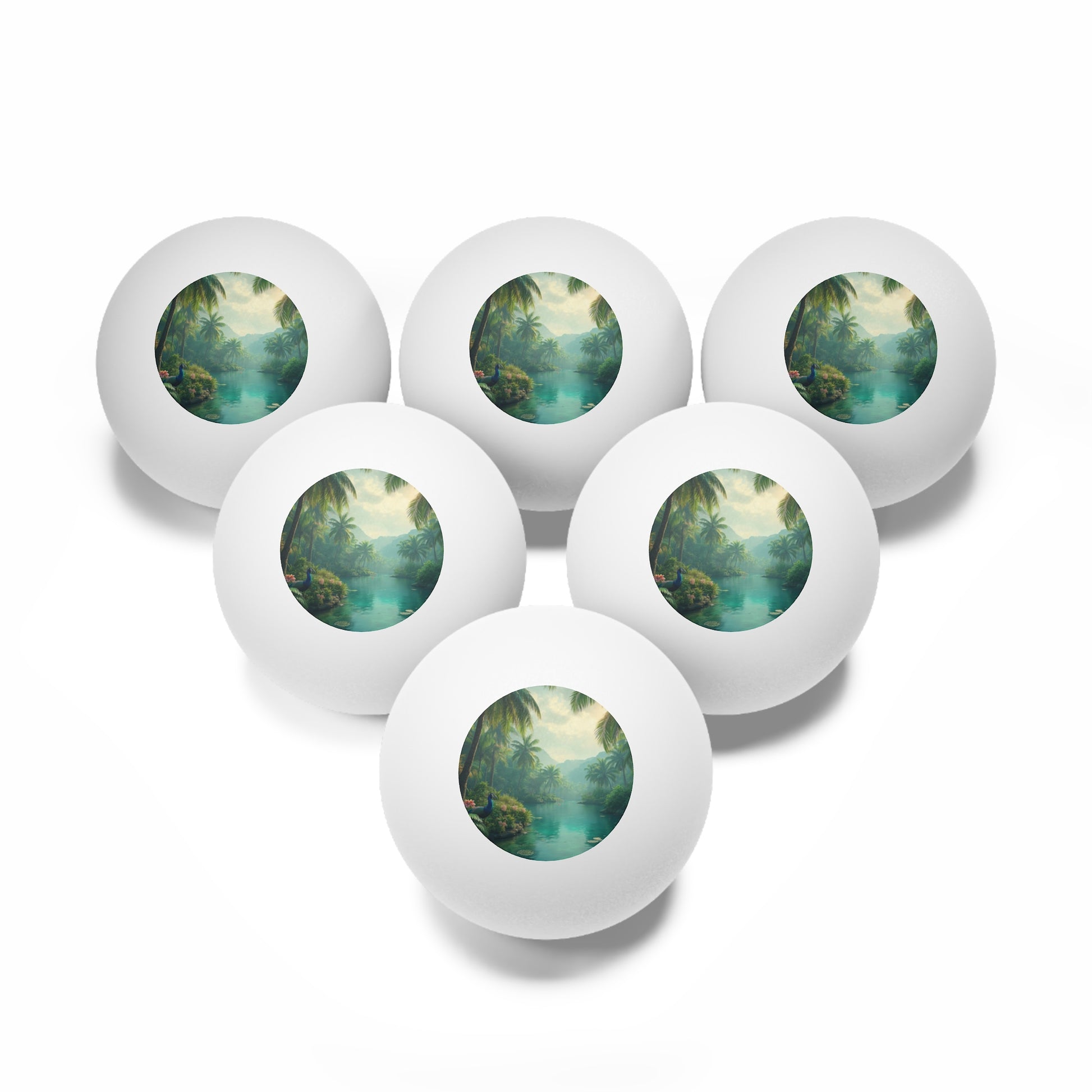 Tropical Paradise Ping Pong Balls - 6 Pack with Rainforest River Peacock
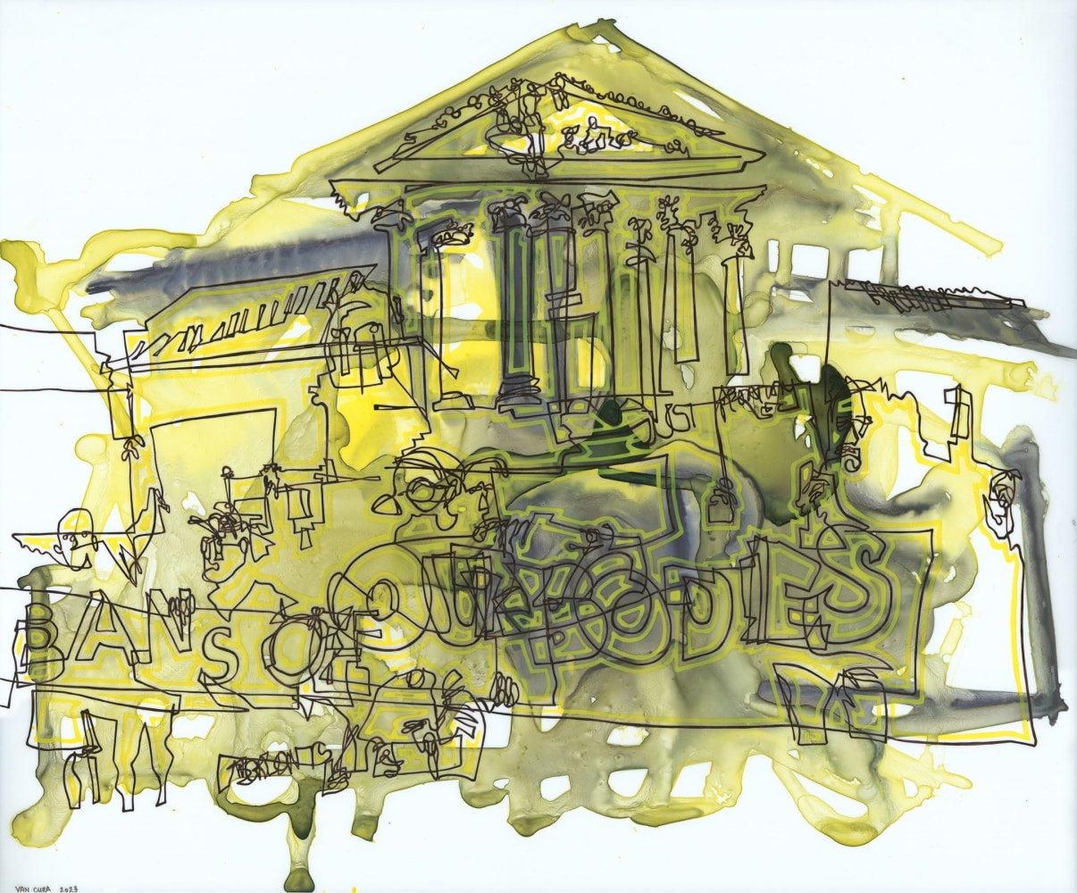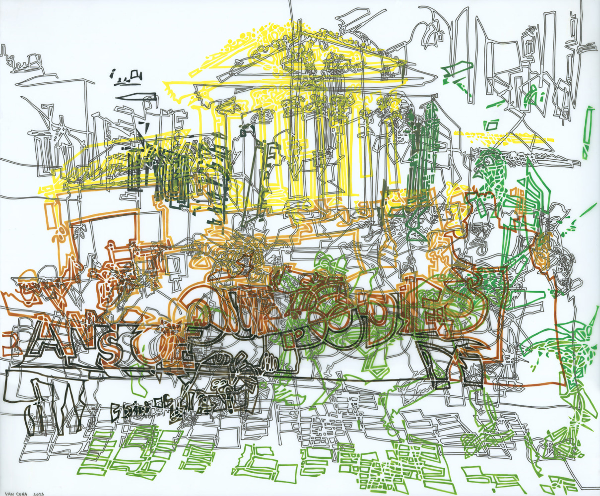 The murders of George Floyd and Breonna Taylor, along with the overturning of Roe v. Wade, serve as powerful catalysts for Marjorie Van Cura's striking drawings, which are inspired by photographic images of the subsequent protests. Her process begins with a blind contour drawing of her subject. This process teases out salient anchor points and compositional features of her source material. Her sketches distill the most poignant gestures, becoming highly concentrated versions of their predecessors. As a result, the movement and images in Van Cura’s work takes on their most elemental, almost iconic forms. Though abstracted, the energy of raised arms, the impact of text across banners, and the gravity of government landmarks emanates from her confusion of linework. By isolating and intensifying these motions, Van Cura’s drawings capture the needs, desires, and fortitude of her subjects in their most heightened states.
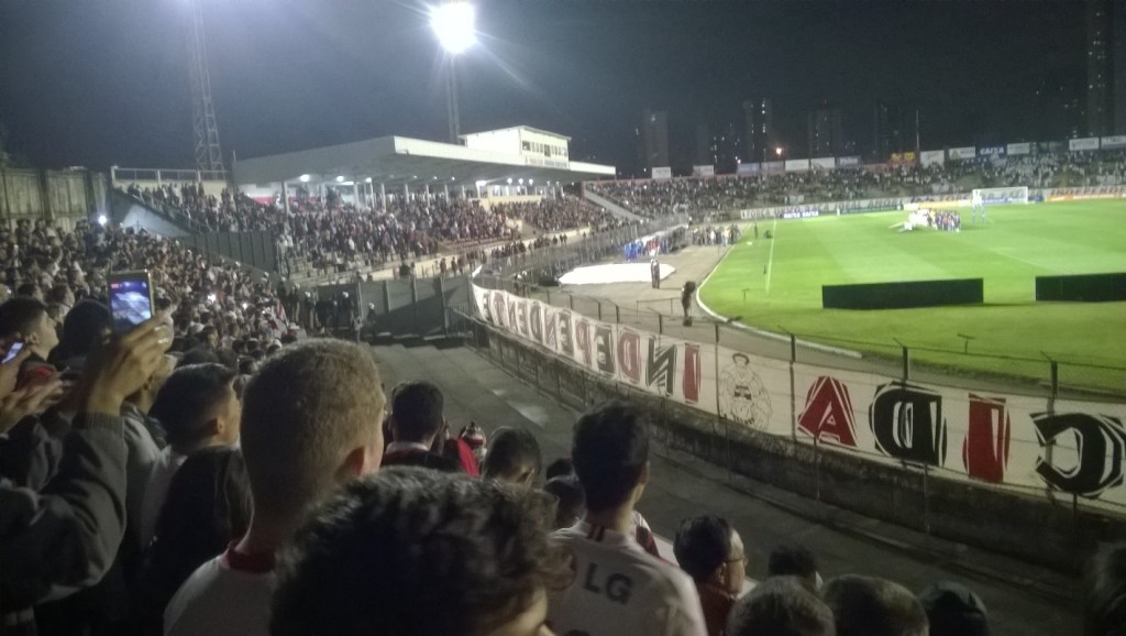 O jogo colocou o lanterna contra o líder do campeonato. Times na parte de baixo da tabela costumam se esforçar para surpreender os líderes. O São Paulo abriu o placar no início, mas o Paraná empatou. No segundo tempo, o São Paulo criou mais chances, mas não marcou, e o jogo terminou empatado. O Paraná está em má fase e pode ser rebaixado para a Série B, a menos que algo mude. A última vez que enfrentaram o São Paulo na Vila Capanema foi em 2007, com vitória do São Paulo por um pênalti de Rogério Ceni. Se o Paraná cair, não sei quando haverá outro jogo assim nesse estádio. O espaço para visitantes é pequeno, com vista ruim, então não consegui tirar boas fotos.
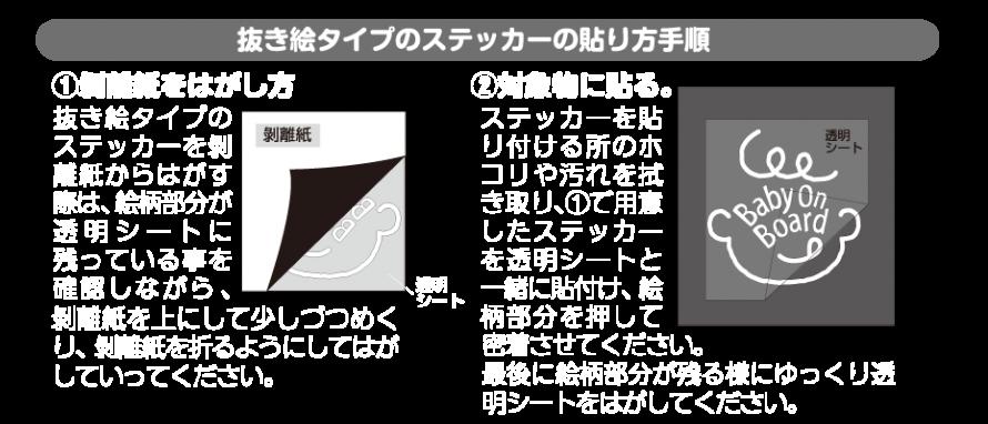 【特徴】 Baby On Boardメッセージをさりげなくアピールできるデザインで、絵柄だけが残る抜き絵ステッカータイプ。
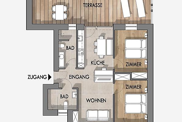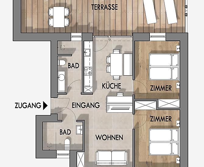2-6 Personen (4 fixe Betten) 68m²
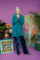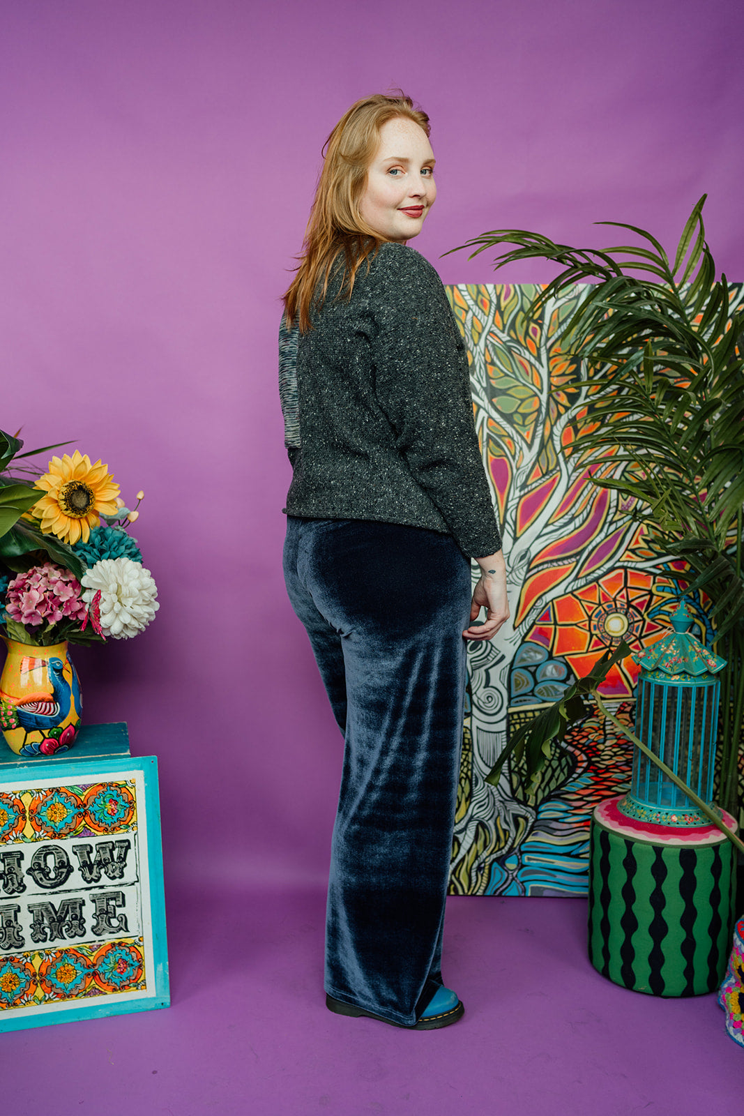 High waisted, straight leg trousers in super soft velvet. These trousers are the perfect smart casual combination
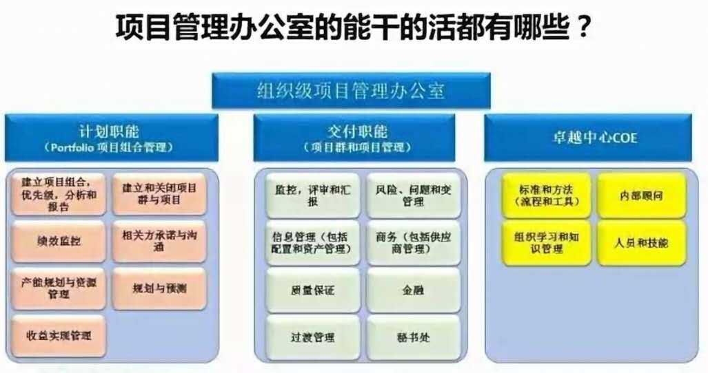 项目管理办公室干的活可以大致分成这三类:第一,计划职能,负责衔接组织战略,主要保证大家这活别干偏了,跟战略方向保持一致。第二,站在企业的角度评估一下我到底能干多少活,能干多少活就接多少活,先干重要的活,平衡资源。第三交付职能主要解决的是大家在做项目跟项目集的过程中更多给予大家合适的支持,以及给予合适的控制,控制的部分就是我们说的监控、评审、汇报、风险问题、变更管理,支持是过渡的支持以及秘书处的支持。
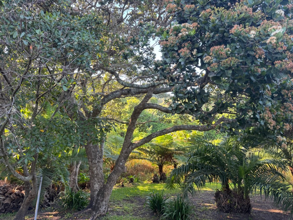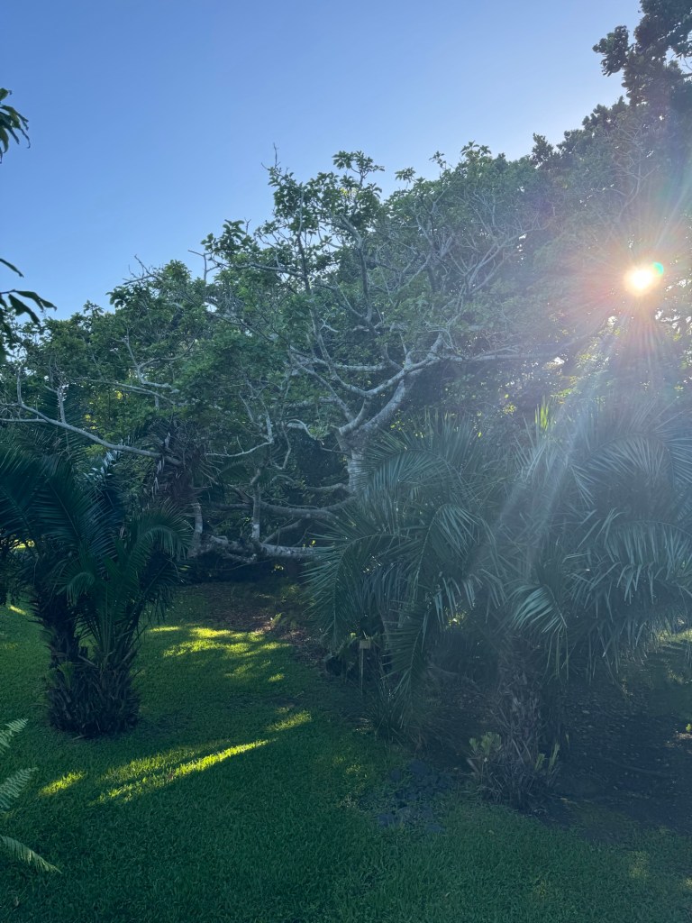 I woke up early this morning and laid in bed listening to the birdsong. The mesh windows were open on both sides of my room allowing for gentle breezes to enter the room and my view was out the back French doors to the deck and beyond to the trees around the lagoon. When I came out, I discovered that Walter had gone up to the deck with the beautiful view of the ocean to meditate and so I took the opportunity to do my stretches on the back deck overlooking the lush surroundings. The sun was peering through in a most whimsical way, turning the leaves and branches into a painting.
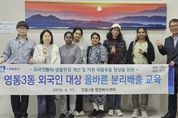 경기호연뉴스 민선기 기자 | 수원시 영통구 영통3동은 지난 17일, 외국인 주민의 생활환경 개선과 자원 재활용률 향상을 위해 관내 외국인을 대상으로 올바른 분리배출 교육을 실시했다. 이번 교육은 생활쓰레기 배출 방식에 익숙하지 않은 외국인 주민들의 불편을 해소하고 올바른 분리배출 문화 정착을 돕기 위해 마련됐다. 교육에서는 다국어 분리배출 안내문을 활용해 투명 페트병 분리배출 방법과 유용 생활폐자원 교환 제도 등을 안내했다. 김인태 영통3동장은 "이번 교육을 통해 외국인 주민들의 환경 의식을 높이고 생활쓰레기 감량과 재활용 활성화에 실질적인 도움이 될 것으로 기대한다”며 “앞으로도 외국인 주민을 포함한 모든 주민이 쉽게 이해하고 실천할 수 있는 환경교육을 지속적으로 추진하겠다”고 밝혔다. 한편, 영통3동 행정복지센터는 관내 수원출입국외국인청을 방문해 ‘찾아가는 외국인 분리배출 교육’을 실시할 계획이다.
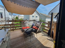 EXCEPTIONNEL GRUISSAN, proche de toutes commodités, à 100 mètres de la plage, venez découvrir ce charmant chalet entièrement rénové avec goût. Il se compose à l'étage d'un appartement lumineux d'une superficie habitable d'environ 50 m2 composé d'une belle pièce de vie avec mezzanine et grandes baies vitrées donnant sur une belle terrasse de 25 m2 avec peu de vis à vis, une chambre avec coin rangement , une salle d'eau et une cuisine semi indépendante équipée. Au rez de chaussée, un appartement de service d'environ 19 m2 composé d' une pièce à vivre, une pièce servant de chambre et une salle d'eau. Le tout avec une réserve d'environ 12 m2 et une allée pour garer les voitures. Possibilité de communiquer les 2 appartements. CLIMATISATION REVERSIBLE. Aucun travaux à prévoir. Pour plus de renseignements vous pouvez contacter Pascale NEGRE EI au 06 24 10 22 43. Les honoraires sont à la charge du vendeur.

----

#### Activity:
To complete this exercise, transcribe exactly the lines above from the one that holds "Baby On Boardメッセージをさりげなくアピールできるデザインで、絵柄だけが残る抜き絵ステッカータイプ。" through the one that holds "High waisted, straight". Pictures stay out.

#### Answer section:
 【特徴】 Baby On Boardメッセージをさりげなくアピールできるデザインで、絵柄だけが残る抜き絵ステッカータイプ。
2-6 Personen (4 fixe Betten) 68m²
 High waisted, straight leg trousers in super soft velvet. These trousers are the perfect smart casual combination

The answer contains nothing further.